Um dos desafios que actualmente sectores universitários têm procurado enfrentar é o das relações entre a investigação e a docência. A esse respeito, gostaria de destacar dois aspectos que, a meu ver, merecem algum cuidado. Refiro-me a questões relativamente novas e que interessam à investigação, às suas relações com a docência e aos novos desafios na formação dos profissionais. Em relação a este último aspecto, verifica-se que mal sai da Universidade (ou mesmo antes) o profissional se vê confrontado com inovações constantes, especialmente nas áreas técnicas e com uma gama muito variada de informações.

Assim perfila-se como fundamental a necessidade de se preparar o profissional para uma relação dinâmica com a sua área de actuação profissional de modo a estar apto a aprender, a superar-se, isto é, a romper com uma concepção estática do processo ensino-aprendizagem que terá, necessariamente, de absorver e desenvolver efectivamente o espírito crítico e investigativo.

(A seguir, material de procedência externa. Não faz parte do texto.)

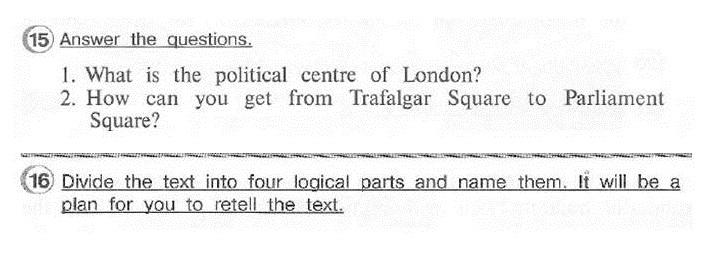 Согласитесь, сложно придумать вопросы для предварительного обсуждения на подобную тему. Авторы вопросы тоже не придумали, а предложили сразу переходить к делу. Дети прочитали, получили информацию. Можно ли теперь что-то обсудить? Снова нет: обсудить можно то, о чем составлено личное мнение, имеется какой-то опыт. А у четвероклассника какое может быть мнение по поводу Вестминстерского аббатства? Остается только одно: пересказ. К пересказу мы и приходим после прочтения текста: сначала отвечаем на вопросы по тексту (пересказ с опорой), а потом опору убираем и пересказываем снова.
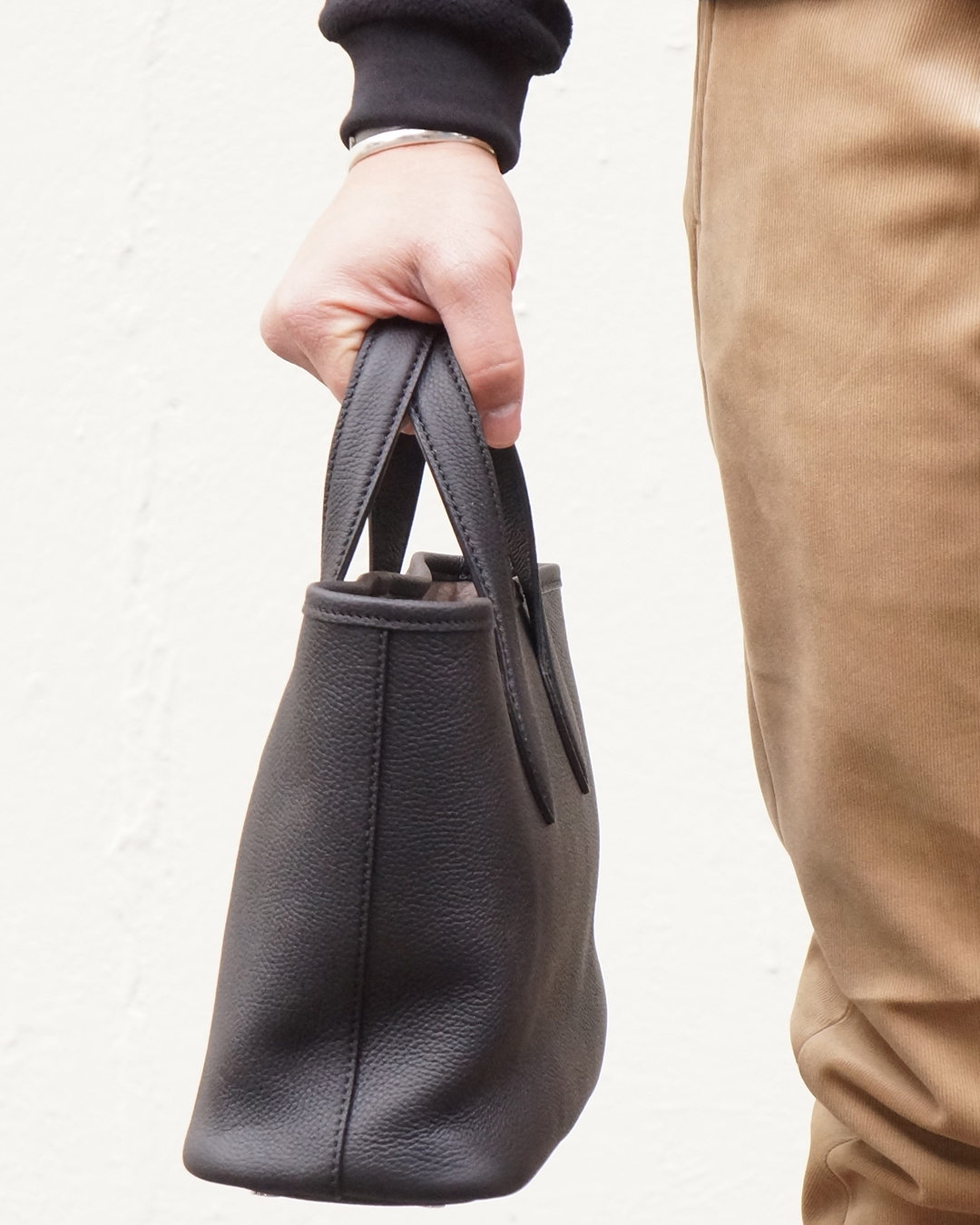 ハンドルも革芯を使用しているため、手にしたときのしっとり感と、バッグの大きさとのバランスも非常に計算された使い勝手の良いサイズで、使えば使うほど手に馴染んでいきます。 上品でシンプルなデザインは上質な大人のファッションにとてもマッチしてくれます。
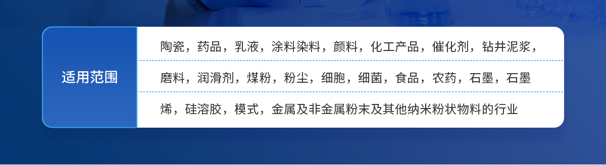 激光粒度分析儀同時具有Zeta電位及納米粒徑的分析測試功能,適用于多種不同的納米乳液、懸浮液膠體等的粒度和表面電位測量,能廣泛應(yīng)用于精細(xì)化工行業(yè)納米材料、表活、低聚物等的研發(fā)和生產(chǎn)質(zhì)控,同時也是油墨,醫(yī)藥制劑等行業(yè)產(chǎn)品研發(fā)及質(zhì)控檢測儀器。
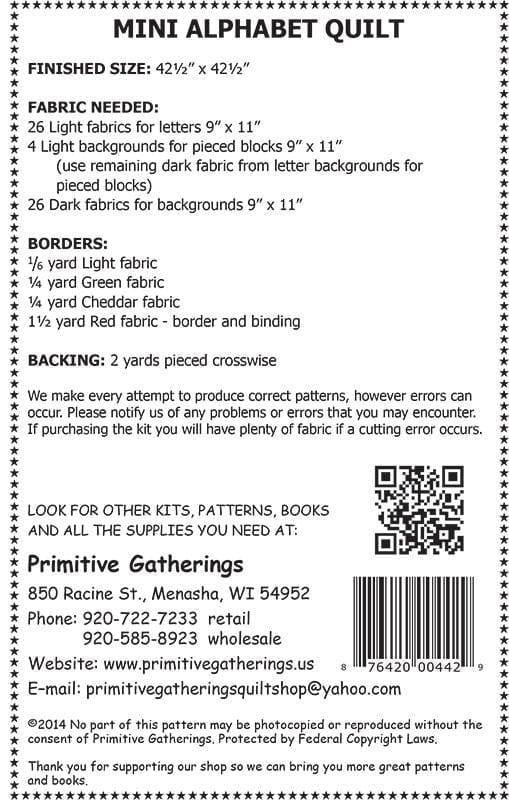 Mini Alphabet - Paper Pattern - Primitive Gatherings - PRI 442
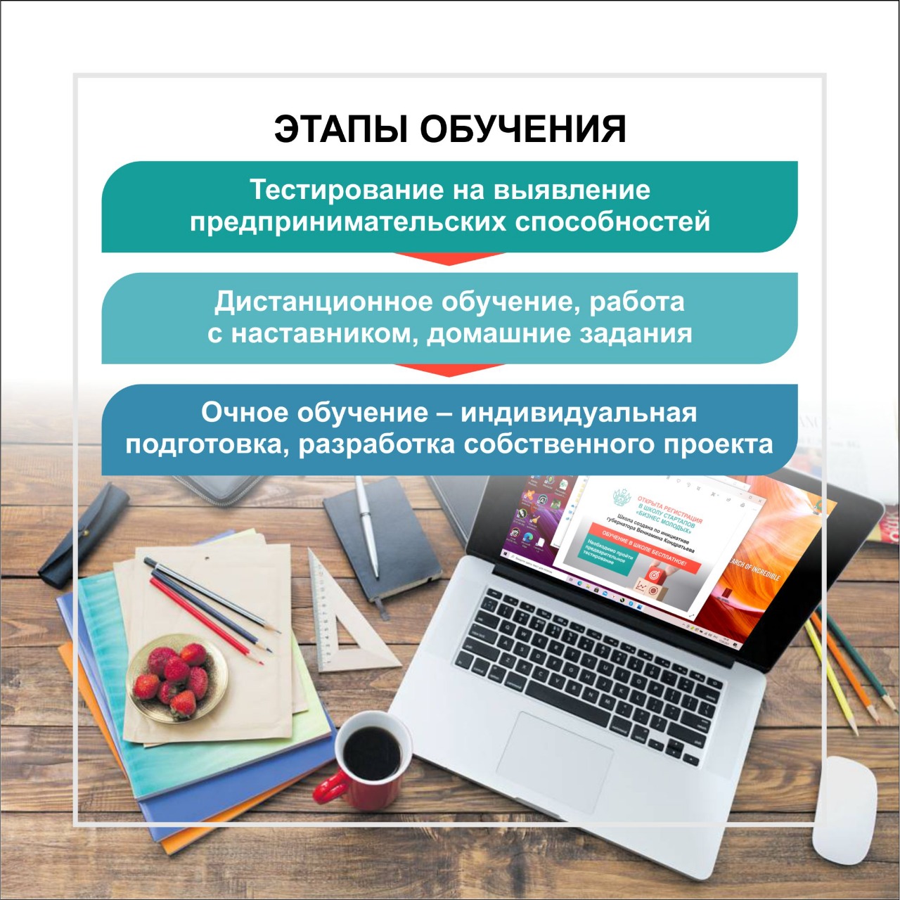 Попасть в региональную бизнес-школу можно после прохождения обязательного тестирования. Зарегистрироваться на него можно по ссылке.
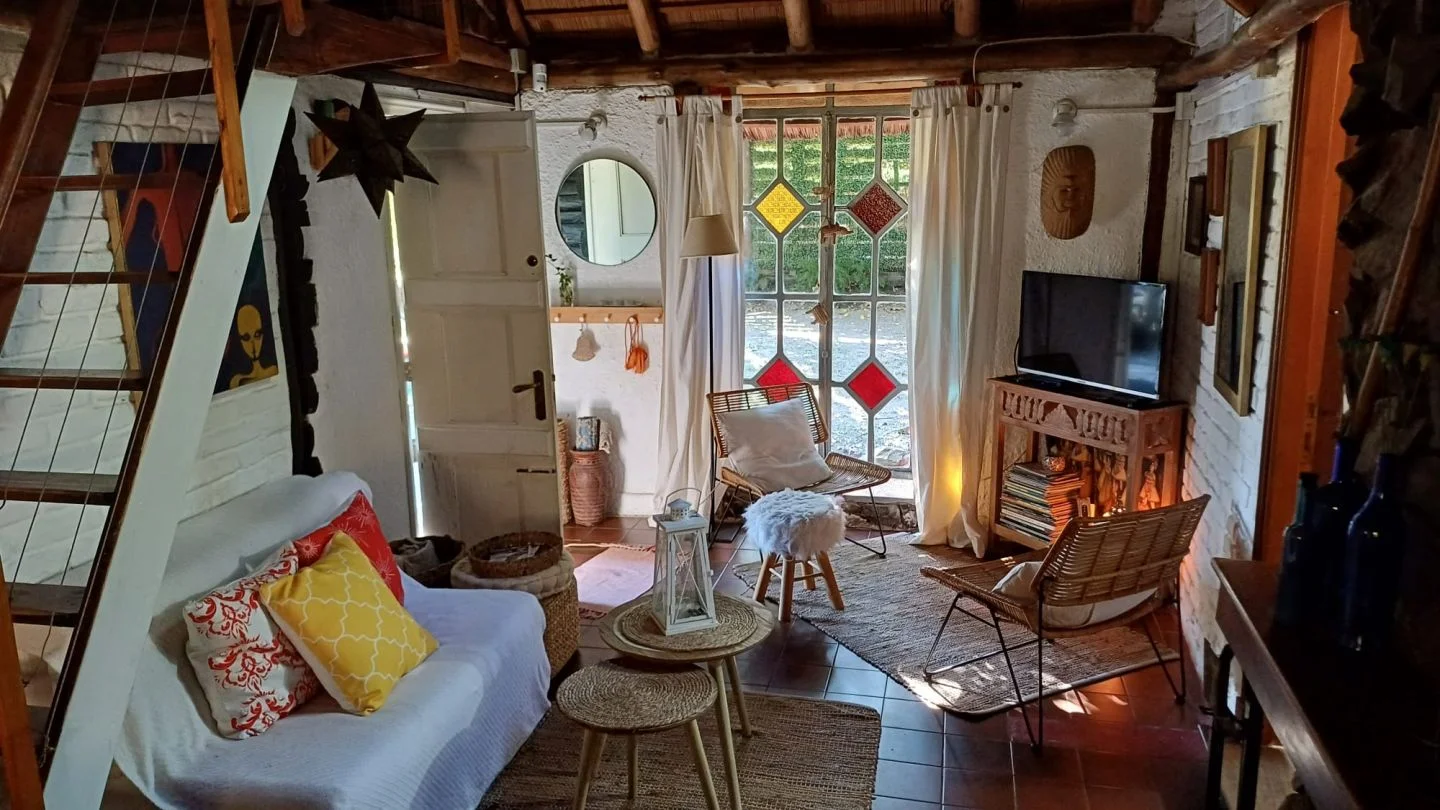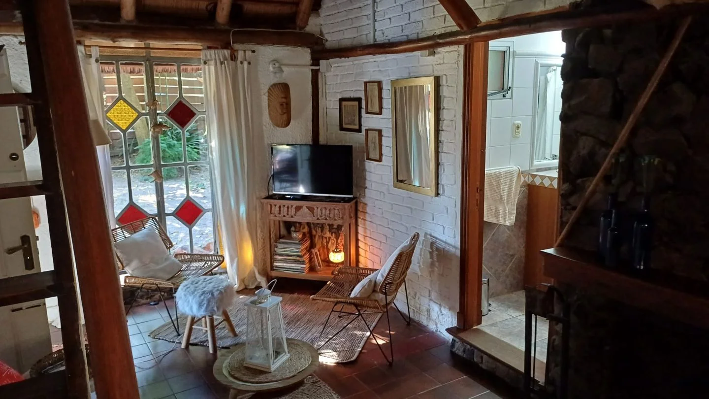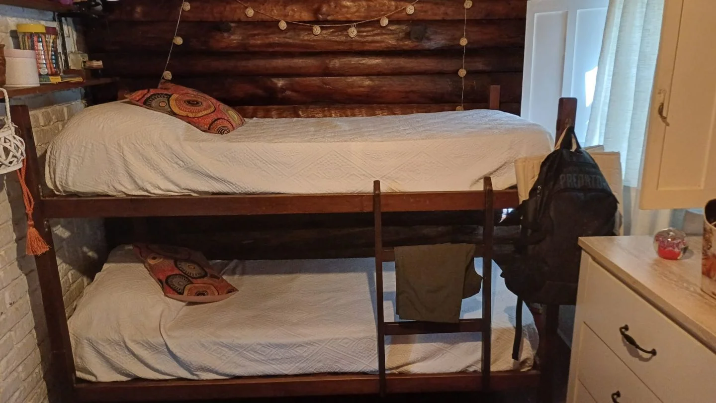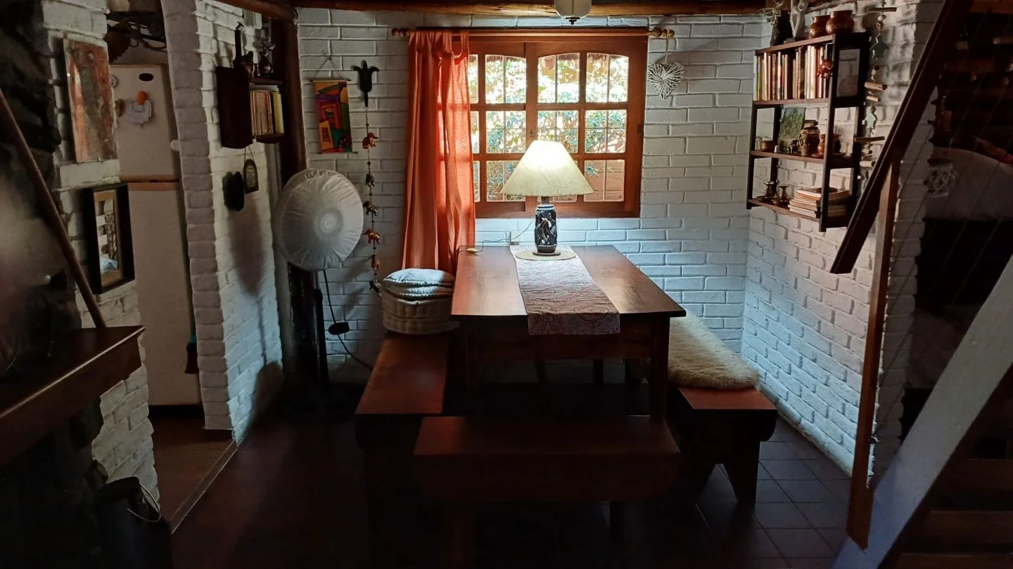 En Planta Baja: 1 dormitorio con 1 cama individual y 1 cucheta, living-comedor integrado con Smart TV, estufa a leña y sillones, mesa y sillas para comer, cocina definida y baño.

O profissional deve ser preparado para se superar em permanência.

Também a investigação, que cada vez mais ocorre fora das Universidades, tende para uma inevitável e forte especialização que permite um aprofundamento sem precedentes do conhecimento mas que é tendencialmente atomizadora e, por isso, susceptível de fornecer uma visão fragmentada da realidade.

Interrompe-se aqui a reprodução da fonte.